Does NPS make sense for you?
Let’s try this thought experiment: Say you’re a plastic surgeon, specializing in a bespoke and specific sort of work that’s…um, shall we say, personal in nature. Naturally, all plastic surgery is by definition personal, but I mean that your specialty is the sort of thing that people…just don’t talk about, whatever that may be. No, I’m not thinking of anything in particular myself. And yes, I’m sure this sort of thing exists. Based on this business model, what do you think the likelihood would be of any of your Customers discussing their procedures (and your work) with other people? Obviously, they’re unlikely to initiate such conversations themselves, but also based on the intimate nature of the need, I don’t imagine “friends and colleagues” of theirs—who might also have use for it—would ever raise the topic themselves either. Even if they’re extremely pleased with your work (and perhaps even more so if they are), your clients are not likely going to recommend your services to friends, family, co-workers, etc. Here’s an obvious place where NPS would make no sense as a metric for you.
There are lots of other examples, too. Products and services that seem germane to everyday life are potentially the sort of thing that will come up in conversation: the dog food we use, a movie you watched last week, the plumber I had come and fix my leaky pipe. Even if these sorts of conversations (about that plumber, for example) don’t come up all the time, it’s not hard to conceive in my mind the potential of recommending a product or service to someone were it to come up. But then, therein lies the rub.

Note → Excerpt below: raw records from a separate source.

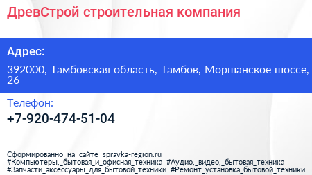ДревСтрой, строительная компания по адресу 392000, Тамбовская область, Тамбов, Моршанское шоссе, 26 в дальнейшем Организация, размещена в следующих категориях: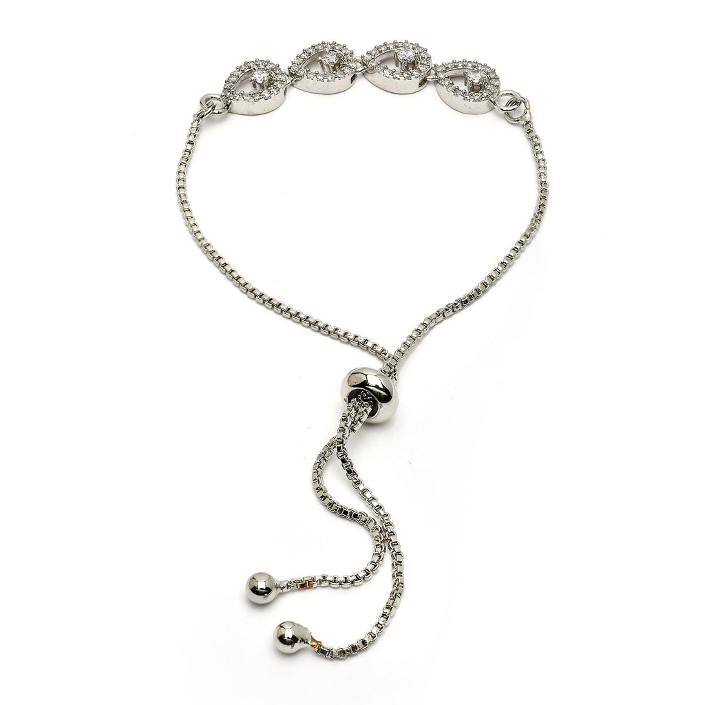 Elegant Drop Shape Design: This rhodium-plated wraparound bracelet showcases sparkling white American diamonds in a classic drop shape, adding a touch of sophistication to your look.
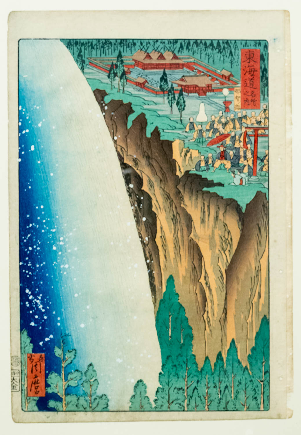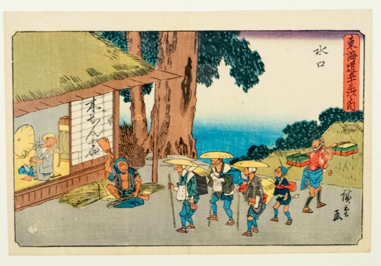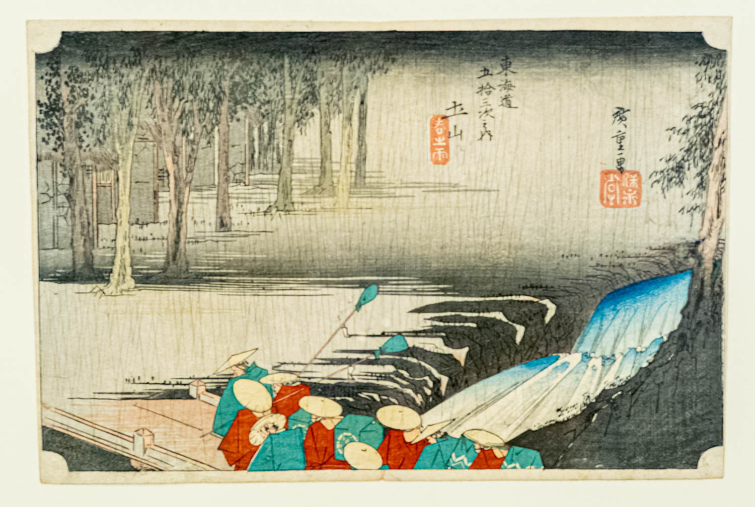 旅人たちは雨具を着用し大きな傘や蓑で身を守りながら小川をわたる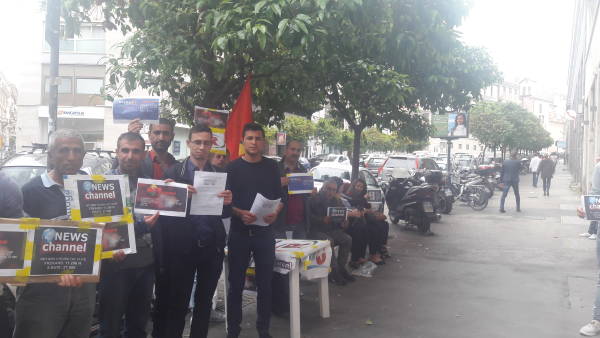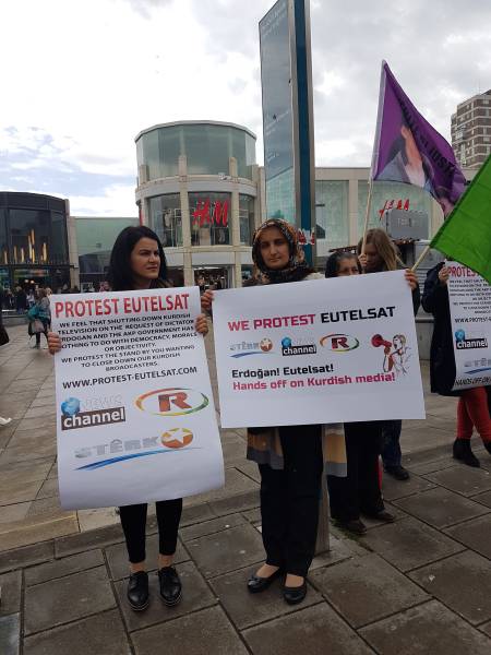 “Kürt medyası susturulamaz ve karartılamaz” diyen eylemciler sık sık Erdoğan ve Eutelsat arasındaki suç ortaklığını kınayan sloganlar attı ve bildiriler dağıttı.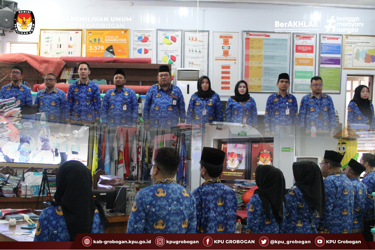 Kegiatan yang bertempat di Aula Kantor KPU Kabupaten Grobogan ini diikuti oleh Sekretaris, Kasubbag dan Staf ASN di lingkungan Sekretariat KPU Kabupaten Grobogan.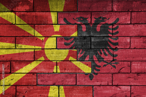 Fototapeta premium colourful painted big national flag of albania and flag of macedonia on a massive old brick wall background. concept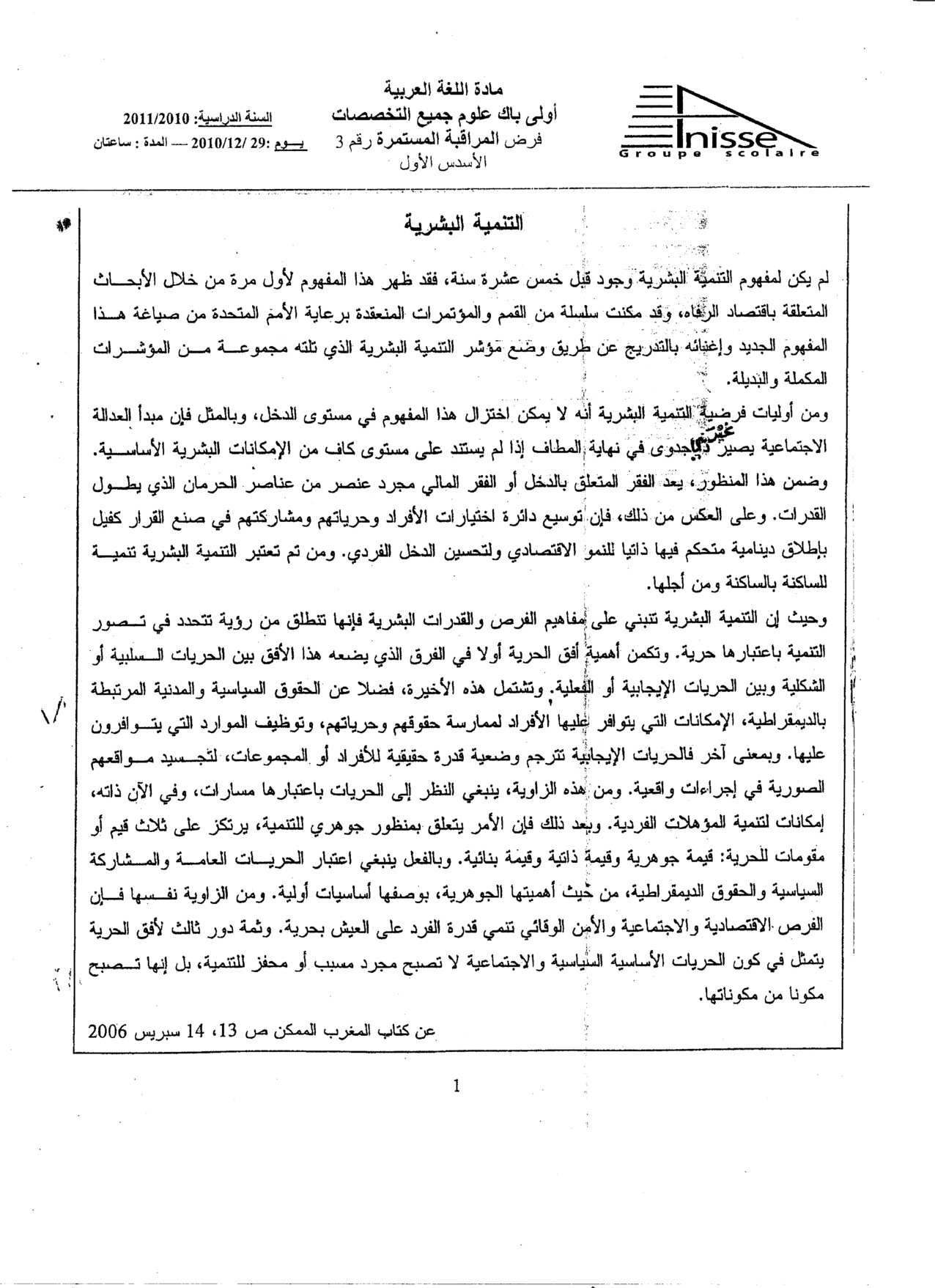 الفرض 2 نموذج 9 - اللغة العربية أولى باك الدورة الأولى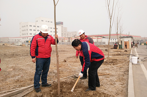 3月12日,是一年一度的植樹節(jié),唐山東方雨虹舉辦了以“樹立文明生態(tài)理念,推進園林工廠建設”為主題的植樹節(jié)活動。下午13:30由生產(chǎn)基地領導及職能人員30余人在基地的空地植樹40棵,以實際行動踐行東方雨虹“綠色工廠”的經(jīng)營理念,為唐山生產(chǎn)基地再添新綠。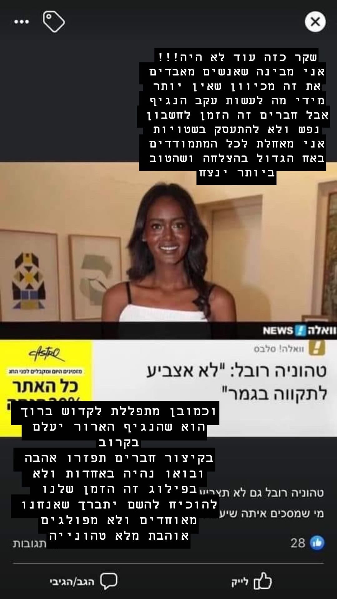 כאשר צילום המסך הזה הגיע לזוכת העונה ה-5 והנשואה הטרייה, טהוניה רובל, היא העלתה סטורי שמסביר באופן חד משמעי שמדובר בזיוף מרושע: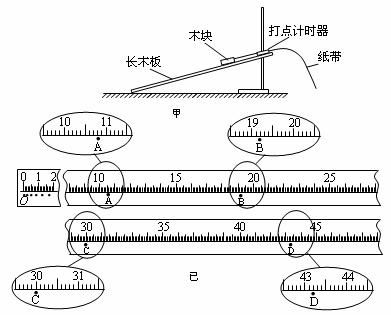 15.用铁架台将长木板倾斜支在水平桌面上,组成如图甲所示装置(示意图),测量木块沿面下滑的加速度。所提供的仪器有长木板、木块、打点计时器(含纸带)、学生电源、刻度尺、铁架台及导线、开关等。图乙是打点计时器打出的一条纸带,纸带上标注了O点和几个计数点A、B、C、D等,相邻两个计数点间还有4个点没有标出,纸带胖还给出了最小刻度为1mm的刻度尺,刻度尺的零点与O点对齐。已知打点计时器所用交流电源的频率是50Hz。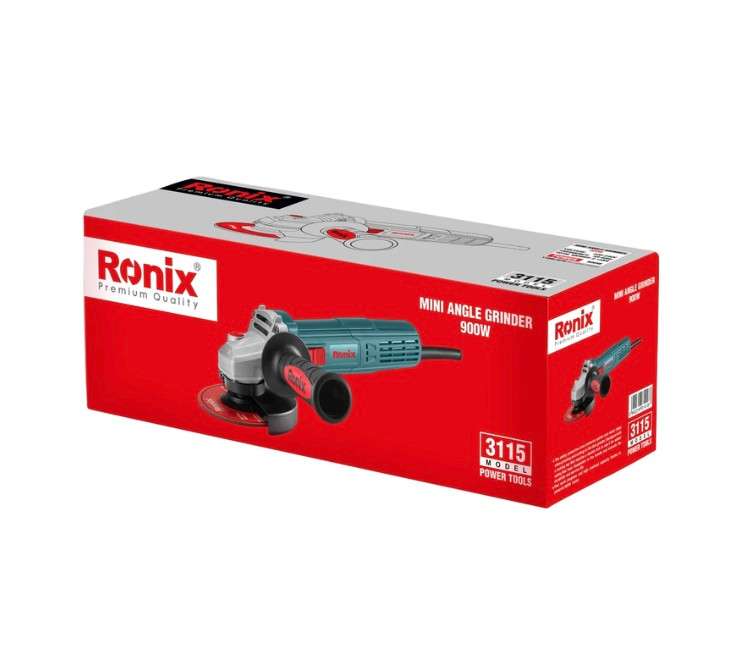 مینی فرز صنعتی 3115 در جعبه رنگی رونیکس و همراه با متعلقاتی مانند کاور صفحه برش، دستگیره کمکی، آچار و یک جفت ذغال به بازار ابزار ایران عرضه میشود.
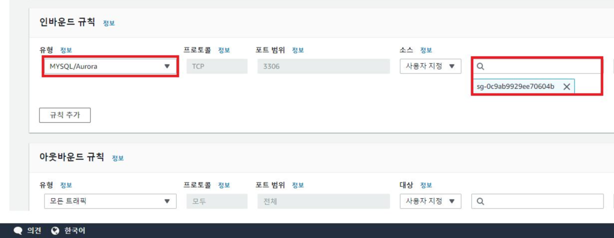 - 인바운드 규칙 추가 부분에서 필자는 mariadb, mysql을 사용하기 때문에 mysql/aurora 를 선택했다.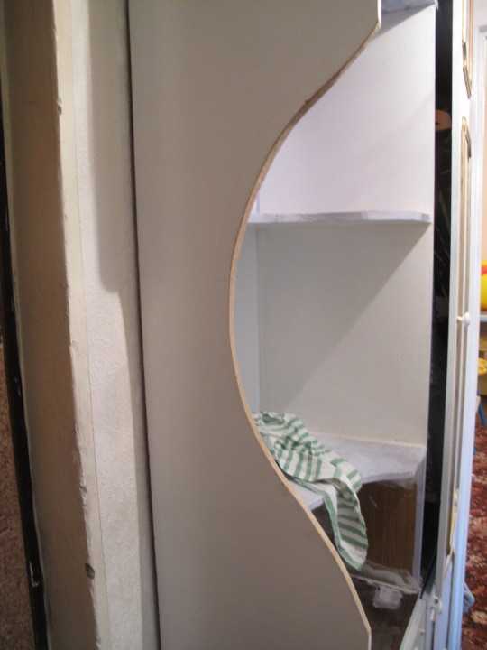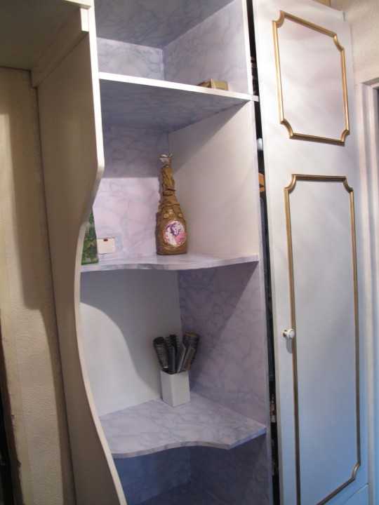 Левый верхний край у самой двери решила заполнить дополнительной антресолью. Замерила все размеры, выпилила из подарочных остатков мебели нужные детали,собрала антресоль,выкрасила в белый цвет…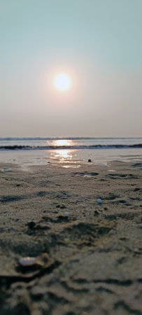 A serene view of a beach at sunset, with the sun setting over the ocean, creating a beautiful and peaceful atmosphere.
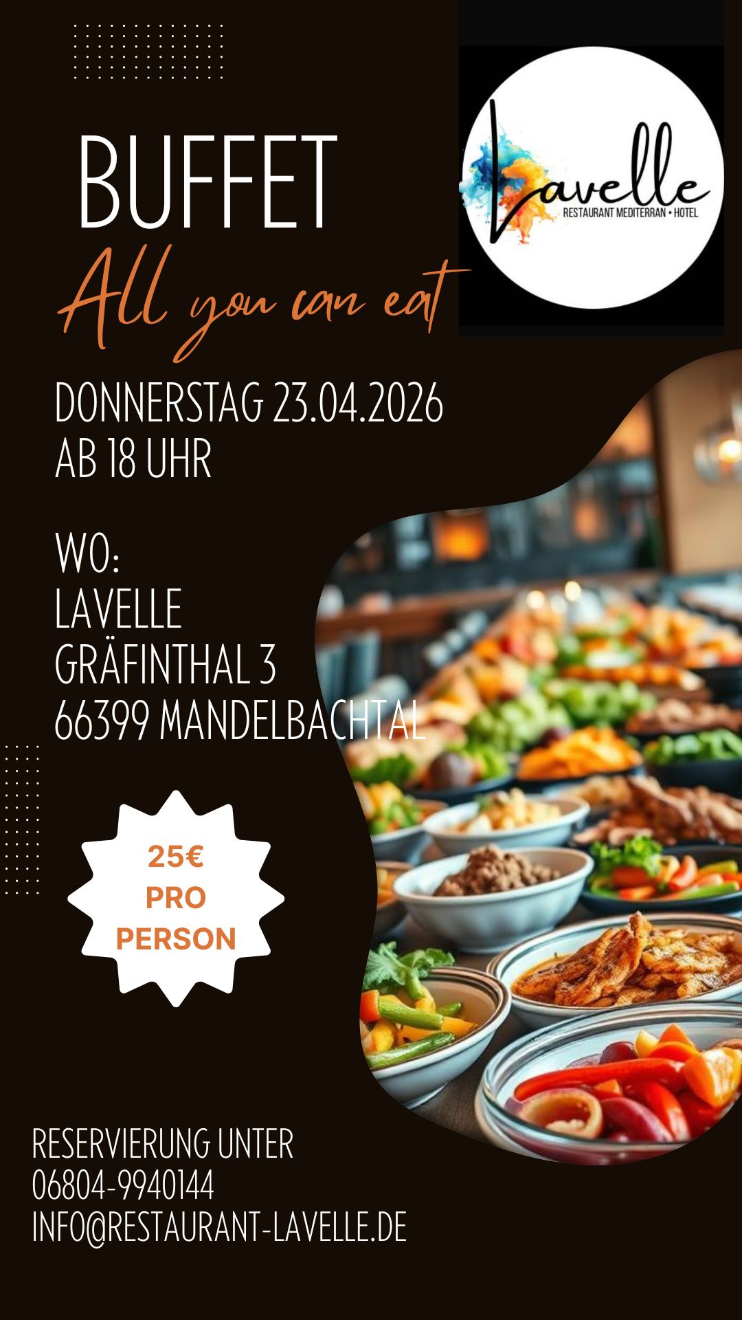 06804-9940144 oder info@restaurant-lavelle.de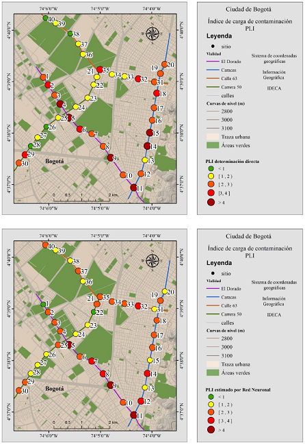 Las vialidades de Bogotá que mostraron valores de PLI > 3 fueron por donde circula el transporte con motor a diesel (Av. El Dorado y Caracas), el área donde hay intersección con otras avenidas incrementan el valor de PLI (Figura 8). Los sitios de la avenida Caracas (sitios de 14 a 17) que estuvieron cerca de la zona de escorrentía en la parte este de la Ciudad, mostró valores PLI > 3, pero disminuyen el valor de PLI conforme se aleja de las partes altas, por lo que se infiere que el factor geográfico contribuye al incremento de valores de PLI (Figura 8), probablemente por material transportado por escorrentía de las áreas altas. Los sitios de las vialidades, por donde circula el transporte público con motor a gasolina presentaron valores de PLI entre 1 y 2, por lo que estos sitios se encuentran moderadamente contaminados por metales pesados (Figura 8). Los valores estimados de PLI con el modelo de red neuronal mostraron similitudes con los valores calculado de PLI obtenidos por las concentraciones. Sin embargo, se observó que la red neuronal estima un número mayor de sitios con valores de PLI más altos, tal es el caso de la Calle 63, en donde se observó sitios con valores de PLI estimados entre 2 y 3, en comparación con los valores de PLI determinados de 1 a 3 (Figura 8).

Not to get all math-y on you here, but technically, the “likelihood to recommend” comes from a formula that I’ll sketch out as:
p(recommend) = p(promote) | p(conversation)
The first term on the right side of the equation is how likely someone is to like your service or product enough to suggest that others avail themselves of it. But the second part is the conditional part of the probability: the part that’s contingent on the topic ever coming up in the first place (math nerds would read that as “the probability of promoting given that the conversation occurs”). The formulaic nub here being that, those two probabilities are multiplied together to produce an overall likelihood. Thus, as the chance of your Customer ever even having a conversation about you shrinks, so too does their chance of ever recommending you.
Does this matter? Do your Customers know what you’re getting at when you ask the question? Is the assumption that you actually mean “In the event it ever comes up, how likely are you to recommend…” understood to the recipient of your survey? I don’t know. But then again, why leave that up to chance? Why ask a question that has such an obvious shortcoming in the first place, thus adding potential but unnecessary flaws to your analysis?
As a statistician, I’d suggest to the plastic surgeon in our example that the probability of confusion or the Customer taking the question literally is enough to throw the results of the survey into question. As a CX advisor, I’d suggest that asking that question with such built-in ambiguity suggests an unseriousness about one’s interest in the Customers’ opinions in the first place.
This isn’t simply a rant against NPS. (Frankly, the word, “satisfied” is so meaningless and anodyne that using C-SAT is a pretty silly way to gauge the temperature of your Customers as well.) It’s a plea for you to take your interactions with your Customers seriously. If you are serious about your VoC program, you’re asking your Customer for incredibly valuable information: How you can improve what you do so as to attract more business (that of your current Customers as well as those who’d come after them). Realize the incredible treasure it would be to receive such insight and treat those providing it with respect. Ask actually actionable questions about their experiences with you and request honest (and brutal!) feedback about what you could have done better.
As thankful as you should be that the Customer chose you in the first place, a very close second in the list of things for which you should be grateful is their insights. If they’re willing to share them with you, don’t waste the opportunity by simply tossing out some boilerplate question so you can put the results on a PowerPoint slide. Do the upfront thinking work of formulating genuinely curious questions so you’re not wasting your Customers’ time and effort in helping you. Acting on that true curiosity will have the added benefit of providing more actionable insights for you as well.